(Items from a data source)
◇ ◇ ◇ ◇ ◇ ◇ ◇

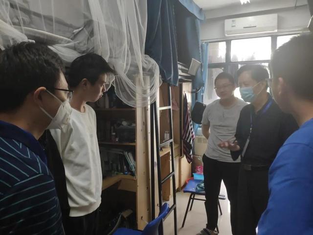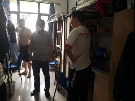 林柏泉老师和陈裕佳老师一个接一个地访问学生宿舍,检查宿舍的卫生情况,询问同学们近期的学习状况。两位老师特别强调要以积极地心态面对此次疫情,及时调整心态,在艰难时刻也要把学业放在首位。两位老师充分肯定班级的学风和舍风,鼓励大家继续努力。同时两位老师对班级中的有困难、有问题的同学给予特别关注,并提供帮助。男生宿舍检查结束后,两位老师在三食堂广场处访问了班级中的女同学。
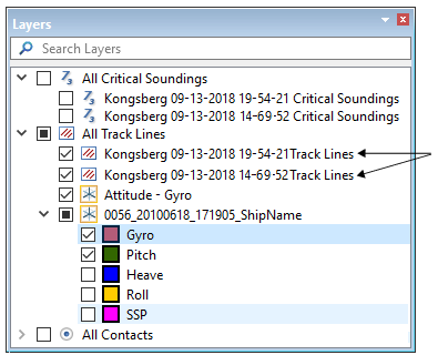 The data from multiple lines can be edited in Attitude Editor. When multiple lines are selected this is indicated in the Layers window.
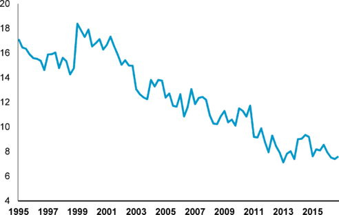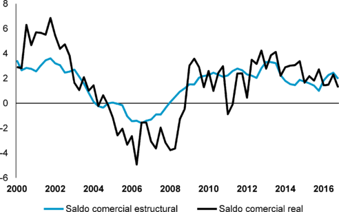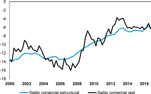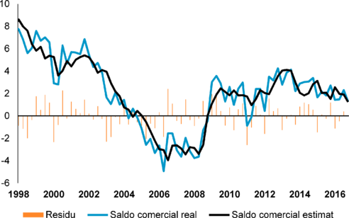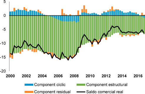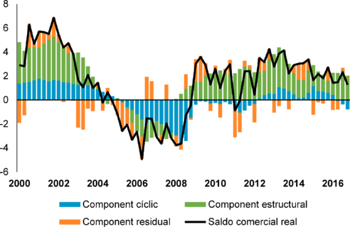 Tal com es pot apreciar al gràfic 5, el saldo comercial real experimenta una forta correcció entre 2007 i 2016, d’uns 9 punts percentuals del PIB. Això coincideix amb la continuïtat en la reducció del component estructural, però també amb un canvi de signe del component cíclic, que abandona les posicions deficitàries màximes que havia assolit el 2008 i se situa en terreny positiu fins a mitjans de 2016. Resulta significatiu l’entrad en negatiu de la component cíclica estimada del saldo comercial en els dos darrers trimestres de 2016 en un context de major puixança econòmica.
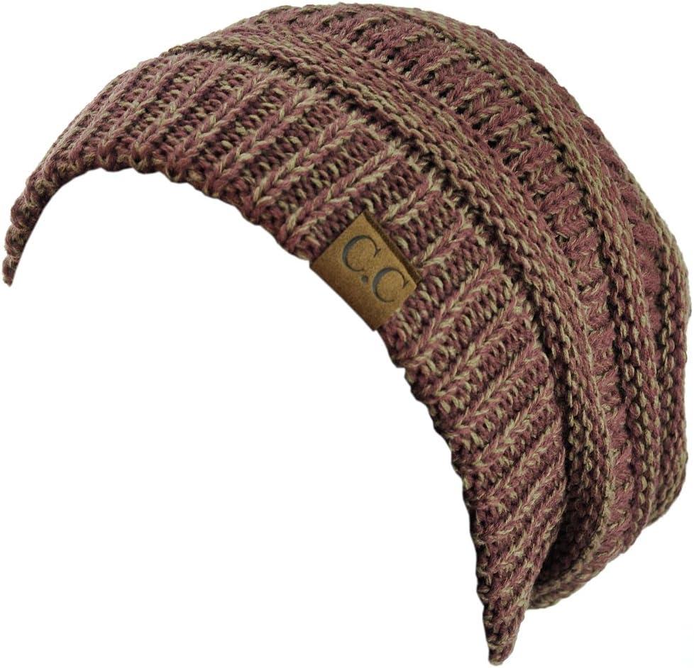 C.C Trendy Warm Chunky Soft Stretch Cable Knit Beanie(Raspberry/Beige)
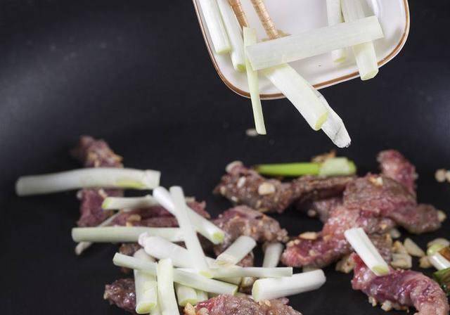 Step1.韭黄根部去除后切段,将黄和白段的部分分开;牛小排切条备用。
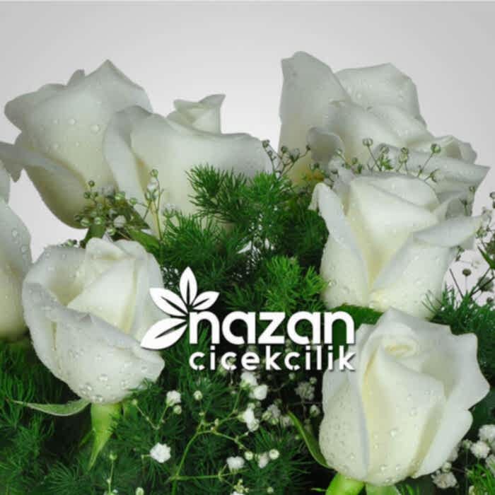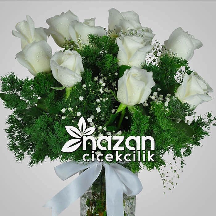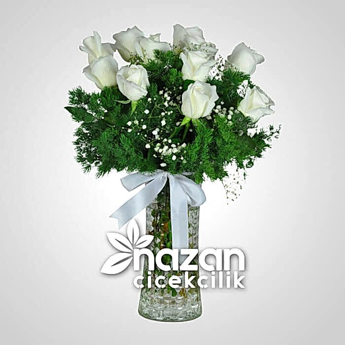 Şeffaf Silindir Vazoda 11’Li Beyaz Gül
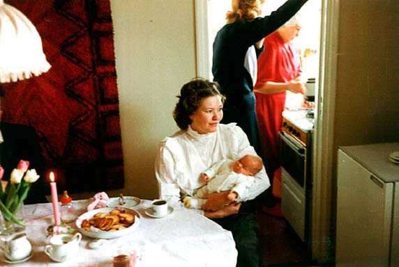 Kastejuhlassa äidin ja vauvan kotona pöydällä palaa vaaleanpunainen kynttilä. Maljakossa on tulppaaneja, lautasella pikkuleipiä, pappi saa taas kahvia juodakseen. Pitsipuseroon pukeutunut äiti pitelee hellästi pientä Annakaisa Helenaa.
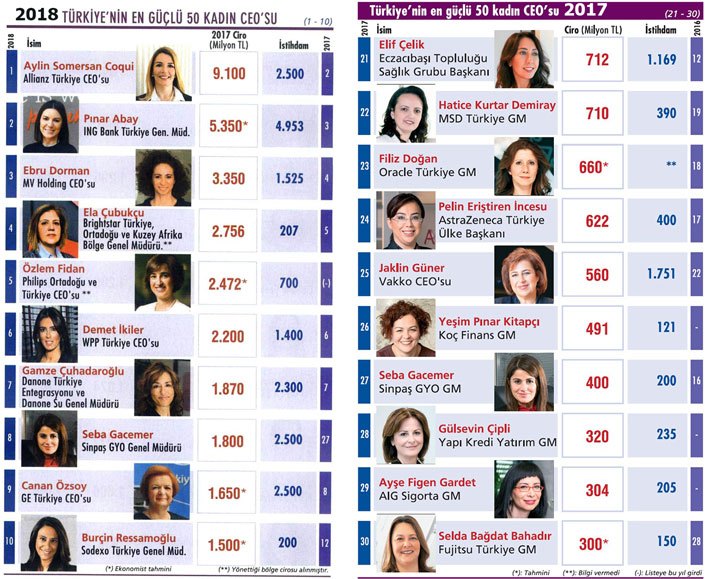 Listede bu yıl çok ciddi değişimler yaşandı. Bu yıl birinci Allianz Türkiye CEO’su Aylin Somersan Coqui oldu. Listeden görev değiştirdikleri için 11 kadın CEO çıkarken, geçen yıl CEO’luk koltuğuna oturan pek çok kadın lider ise bu yıl listeye girdi.
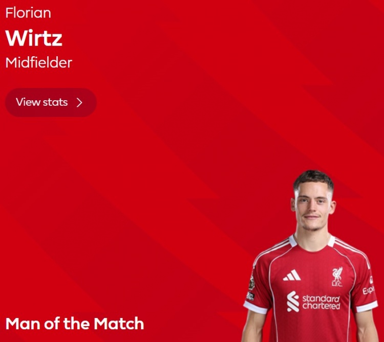 英超生涯第2球,英超官方:维尔茨当选利物浦2-2富勒姆全场最佳
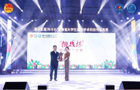在颁奖环节,我校荣获大赛最高荣誉“挑战杯”,中南大学等20所高校捧得“优胜杯”,湖南大学等25所高校荣获优秀组织奖。16件作品荣获特等奖、41件作品荣获一等奖、124件作品荣获二等奖。其中,63件作品将代表我省参加今年“挑战杯”国赛。
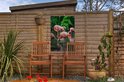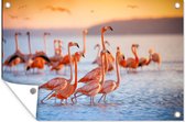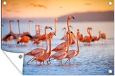 Tableau de jardin Flamingo - Tropical - Vogel - Water - Rose - 60x80 cm - Affiche de jardin - Toile de jardin - Affiche d'extérieur
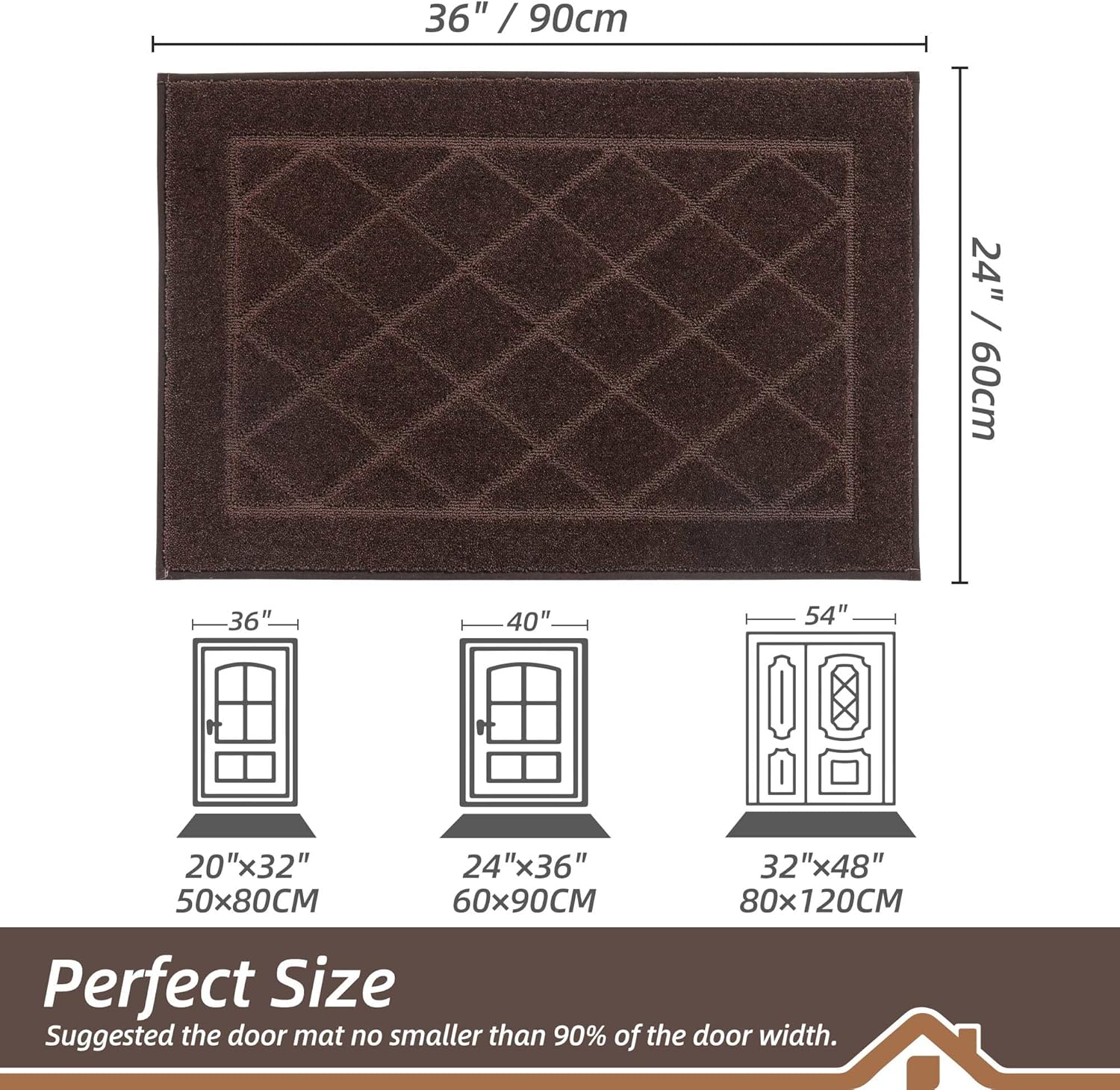 BEQHAUSE Dirt Trapper Door Mat 24" x 36", Doormat Non-Slip Entryway Rugs Washable, Dog Door Mat Stain Resistant and Absorbent Welcome Floor Mat for Front Back Door, Muddy Wet Shoes & Paws, Brown
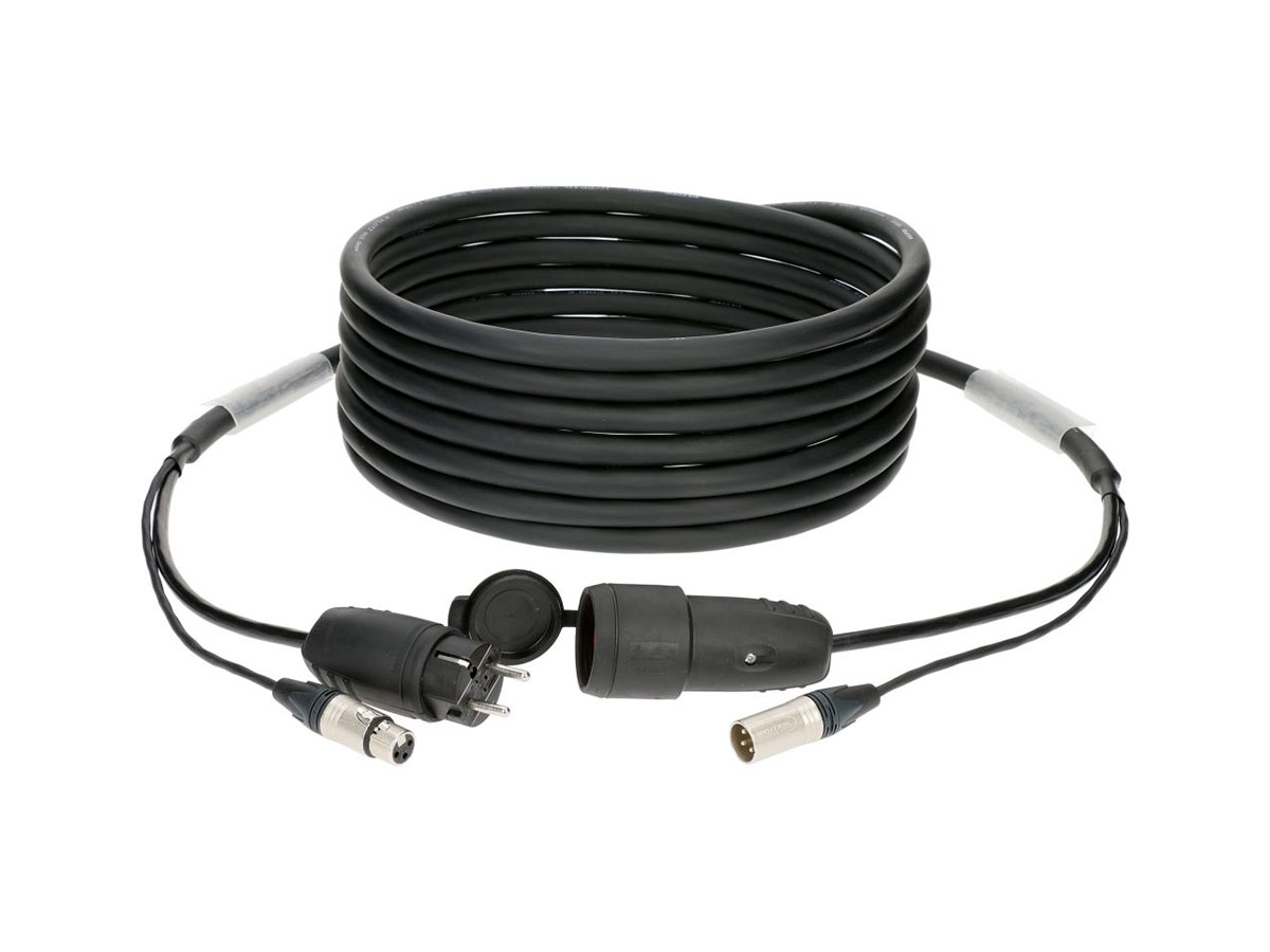 The rugged PVC outer jacket encloses the finely stranded power cable with cross-section of 3 x 2.5 mm² and the double-shielded signal conductor (foil and braided copper shields). They are available with the following connector options: XLR 3p., power CON A, powerCON TRUE1 and earthed plug.
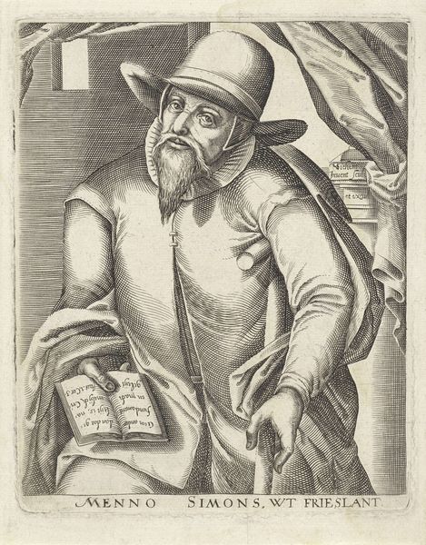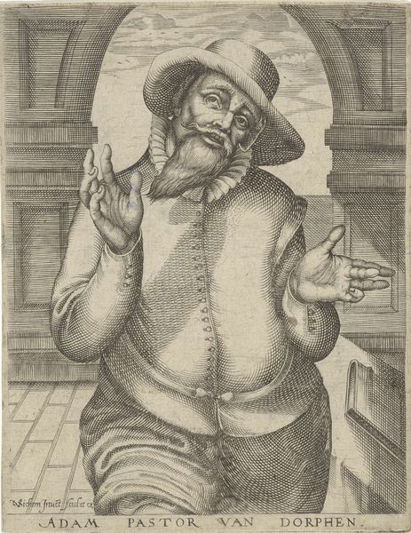 Curator: Gazing up at this intriguing portrait, I immediately sense a whimsical theatricality, don’t you? There's an almost playful lightness despite the obviously formal nature of the piece. Editor: Well, precisely that contrast is what holds my interest. This engraving, titled "Portret van Adam Pastor," crafted in 1677, likely represents Adam Pastor van Dorphen, rendered through the skilled hand of Christoffel van Sichem I. It is part of the Rijksmuseum collection, and represents a significant commentary on status through its visual style. Curator: Absolutely! The theatrical stance is wonderful, as if he’s caught mid-conversation, or maybe even in the middle of delivering a particularly engaging sermon! His gestures, with those expressively open hands, suggest so much about his character... perhaps he's caught making an appeal. Editor: That’s a perceptive read. These kinds of portraits became tools for social positioning. Here we see the subject depicted under what can be considered classic baroque principles. The social, political, and often religious turmoil gave rise to equally elaborate and often turbulent artistic production. So his pose is about far more than casual expressiveness, and his clothes depict prosperity in what was then still quite a poor part of the Netherlands. Curator: And I think you see all this drama echoed, somehow, in the details. I mean, look at those rippling lines, the light as it caresses the ruffled collar…van Sichem finds elegance in the mundane, no? The line work seems almost restless. Editor: He’s situating Adam Pastor firmly within the world of the worthy. It’s a public assertion of this figure’s social weight—engravings circulated, disseminating specific images of power, influencing and cementing societal perceptions of rank and distinction, which has repercussions and effects beyond mere artistic trends. Curator: It’s incredible how a simple portrait can be such a window onto a world, not just an individual! Van Sichem invites us to become fellow actors on his historical stage, to contemplate the rich tensions etched here in black and white, no? Editor: Exactly. What began as a personal representation of identity becomes a larger mirror reflecting power structures and cultural ideals. In our case here at the museum, a chance to reflect and maybe recalibrate such structures as we see them reproduced to this very day.

◇ ◇ ◇ ◇ ◇ ◇ ◇

- **THE PROBLEM**
From the records above, extract the lines from the one holding "Tableau de jardin" through the one holding "BEQHAUSE Dirt Trapper", word for word; omit the pictures.

- **WRITTEN SOLUTION**
 Tableau de jardin Flamingo - Tropical - Vogel - Water - Rose - 60x80 cm - Affiche de jardin - Toile de jardin - Affiche d'extérieur
 BEQHAUSE Dirt Trapper Door Mat 24" x 36", Doormat Non-Slip Entryway Rugs Washable, Dog Door Mat Stain Resistant and Absorbent Welcome Floor Mat for Front Back Door, Muddy Wet Shoes & Paws, Brown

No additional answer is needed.